Relationships and 'theocratic' career

by cyberdyne systems 101 8 Replies latest jw friends

  • cyberdyne systems 101
    cyberdyne systems 101

    Did you notice or experience the fact that to have an approved romantic relationship you had to be baptised, and for men often you would be expected to be a min servant or elder, or at the very least reaching out in the congregation. I'm sure others had other rules such as being a pioneer or something. Its another area where you are pressured into conforming to a certain ideal - not a scriptural one but an organisational one. And yet the NT never said we'd all be the same, some would have one strength and others something else, and the least of us was essencial to the whole (annointed ones of course!).

    CS 101

  • Gordy
    Gordy

    Probably apart from having to be a baptised JW. Never heard of any restictions or otherwise for brothers/sister to have an "approved romantic relationship".

    I was baptised Jan 1972, married JW sister July 1974, niether of us had pioneered, I wasn't "reaching out" for any position etc.

    We did have a couple of sisters who considered themselves the "matchmakers" of the congregation.

    But there again this is one of those things which can vary from congregation to congregation. In my congregation it was as long as you were both baptised JW's. In another the brother may have to show he is "spiritual" reaching out etc.

  • Honesty
    Honesty

    I don't know about 'reaching out' for 'privileges' but I do know that a white brother from a predominately white congregation started dating a black sister from an all black congregation and they caught so much hell from the elders and witlesses in both congregations that their relationship fell apart.

    So much for the 'Unity' and 'Equality', eh.

  • AgentSmith
    AgentSmith

    Greetings everyone. This is my first post, after trying to read as many of the threads as I could. I thought I could read all of it before I introduce myself, but there is so much info here!

    I identify with being told, 'suggested' 'encouraged' to be a baptised witness BEFORE I can get serious with a sister. I grew up as a JW, My father being a MS and when I was 10, he was appointed an elder. Of course my sister and I had to be an example in the congregation. So I was a good little JW doing 8 hours minimum in 'fieldies'. I thought I would wait to be baptised as I saw how youngsters baptised at 13 years old hit the wall by the time they reach 18.

    Short version, at 23 I met my wife, also JW, at my sisters wedding. Her parents gave me a hard time when I tried to date her. I was still unbaptised. However I was doing my community service for refusing to join the SA Army. That and being a shining example as an elders son did not cut it.

    By that time I had started to drift away anyway, so maybe they had a point. But to get the woman I loved, I got baptised. She was in a JW house where she was abused and just wanted to get out ASAP. Only found that out after being married 10+ years....

    Interesting thing, one of the elders doing my baptism questions (round 1) shot me down because although my hours were good, I did not place any books in the previous 12 months, only Mags.

    I thought that was a bit rich since his daughter was....... another story, another time.....

  • fullofdoubtnow
    fullofdoubtnow

    Hi agent smith, and welcome to the forum

    In my kh, there were, and still preusamably are, several unmarried, unattached sisters, and I used to get the impression if a newby came along, they distanced themselves from him until he was baptised, and then they took a real interest in him. I know this happened with Trev, my bf. Once he was baptised, he had no shortage of invitations for meals etc, and when he was appointed a ms, he was even more popular with the single sisters.

  • greendawn
    greendawn

    "To have an approved relationship", by whom? If you mean by the organisation I never saw this happen back in the 1980's though some dubs may want as a mate a very spiritual person eg a JW girl had high ambitions to become a missionary and was looking for someone with similar objectives.

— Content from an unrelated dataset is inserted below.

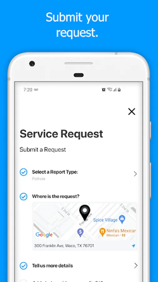 Whether you live here, work here, or play here, this free, easy-to-use APP allows you to submit service requests for code violations, potholes, streetlight outages, unsafe conditions and more directly from your mobile device. Service requests are routed to the appropriate department for attention and will be responded to quickly and efficiently, and you'll be notified when they are resolved.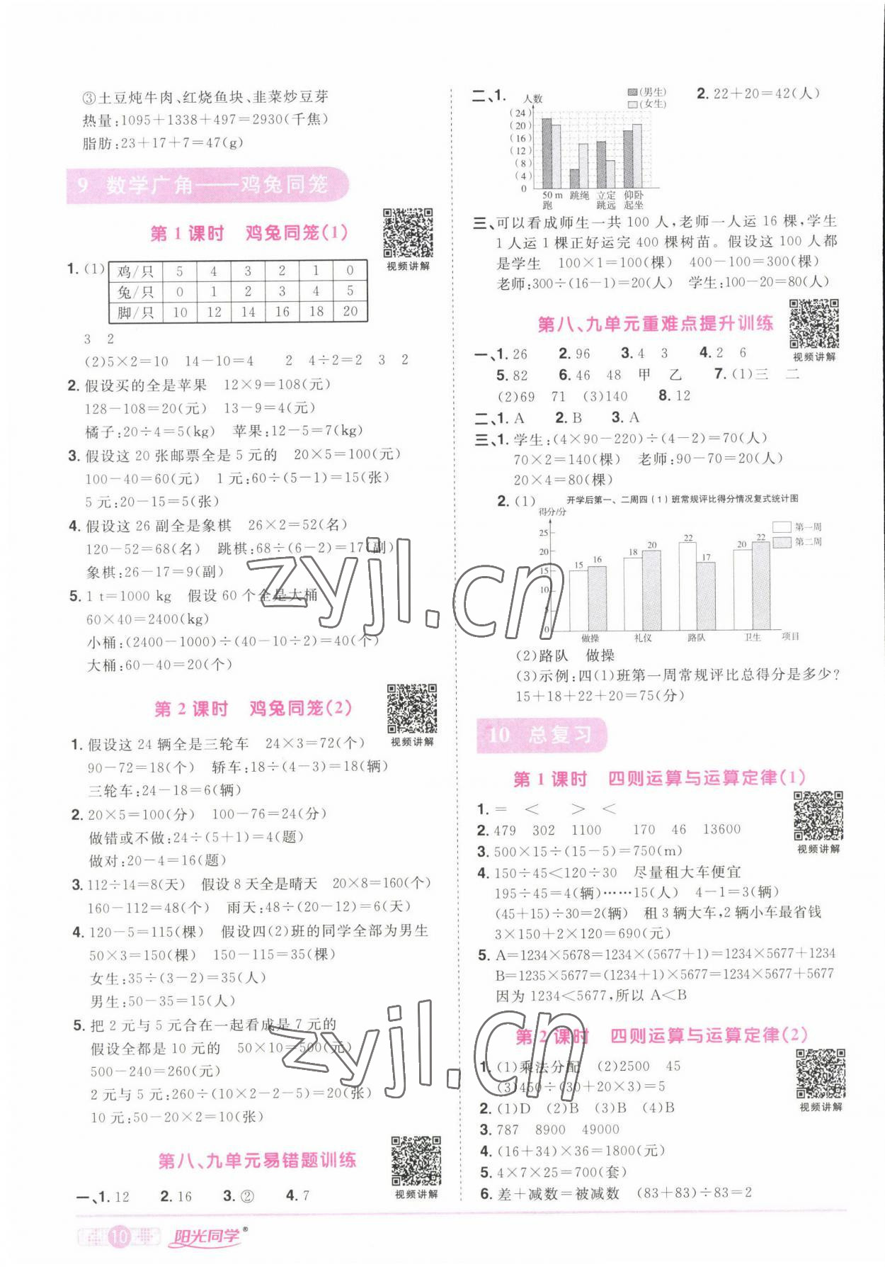 注:目前有些书本章节名称可能整理的还不是很完善,但都是按照顺序排列的,请同学们按照顺序仔细查找。练习册 2022年阳光同学课时优化作业四年级数学下册人教版湖北专版 答案主要是用来给同学们做完题方便对答案用的,请勿直接抄袭。

    On the other hand inactive JWs that don't preach have little chance (the stigma of a weak brother/sister) though as you said preaching should be only one aspect of many in Christian life yet the JWs seem to measure and evaluate everyone mainly by it.

    It's for congo positions that one has to be dedicated and obedient up to a minimum point eg if you don't preach 8 hours per month you never become an elder or MS even if you are the perfect family head and have a heart of gold.

  • sspo
    sspo
    Interesting thing, one of the elders doing my baptism questions (round 1) shot me down because although my hours were good, I did not place any books in the previous 12 months, only Mags.

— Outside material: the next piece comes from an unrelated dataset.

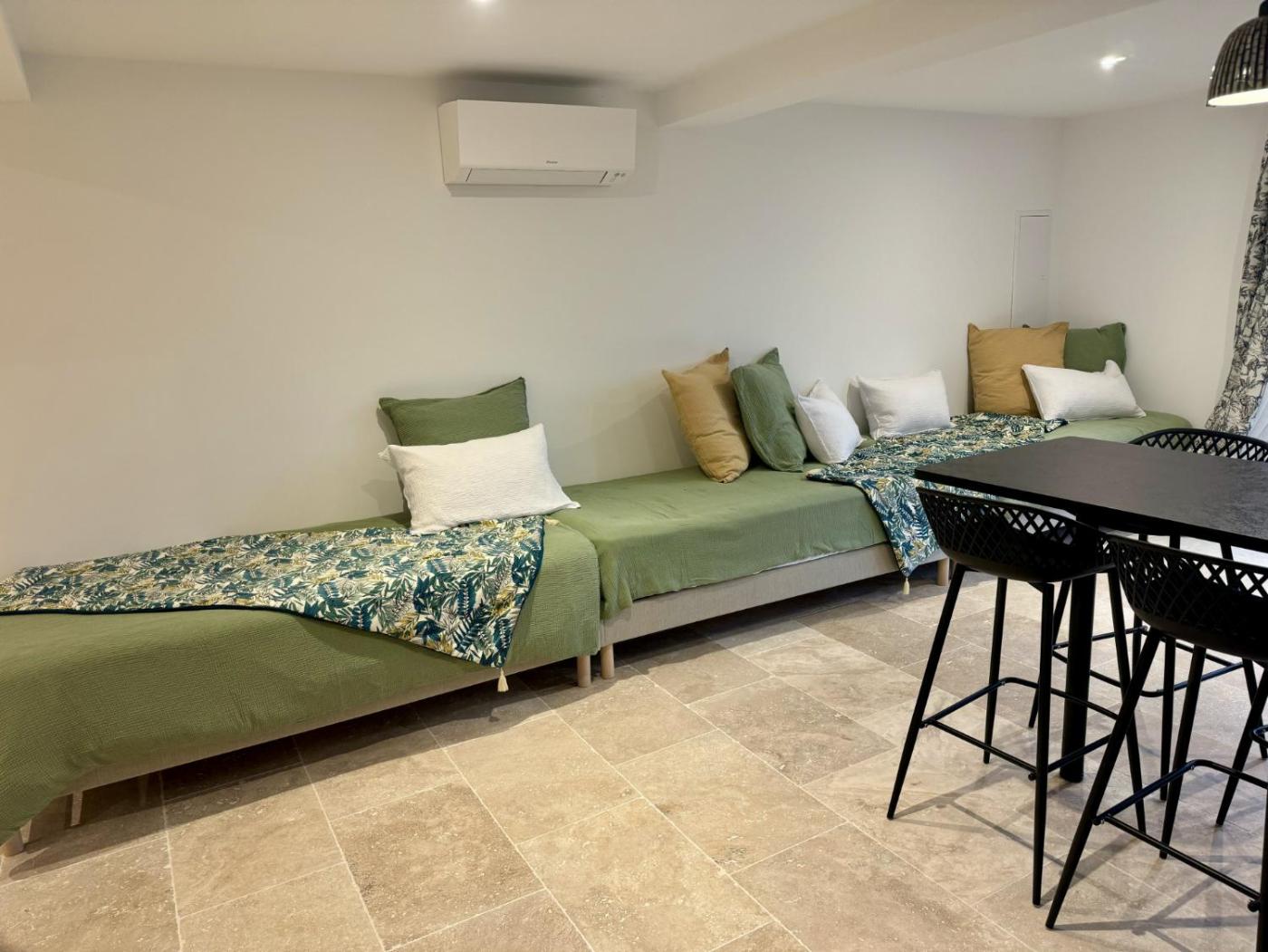 Studio - Vue sur Mer. Guests will find a stovetop, a refrigerator, a dishwasher and kitchenware in the kitchen. The studio also features a barbecue. The spacious studio offers air conditioning, a washing machine, a terrace with sea views as well as a private bathroom boasting a walk-in shower. The unit has 3 beds. ;

    tHAT SHOWS THE STUPIDITY OF SSOME ELDERS IN THE CONG.

    DELETE BUTTON IS NOT WORKING

  • sspo
    sspo
    So much for the 'Unity' and 'Equality', eh.

    To Honesty

    If you are in TN, i am not surprised a bit, expecially around 1960,and70's............ blacks and whites were sitting in different section of the KH.

  • Lilycurly
    Lilycurly

    Yeah, it was pretty much the norm.

    I don't know if everywhere was the same, but in our congo, they kept reminding us that it was the right thing to do, if the person you were dating was from another congregation. You should talk with their elders to see if hey was a "good christian". I used to be so uncomfortable doing that and knowing the guy was talking with the elders about me behind my back. So unatural and untrusting.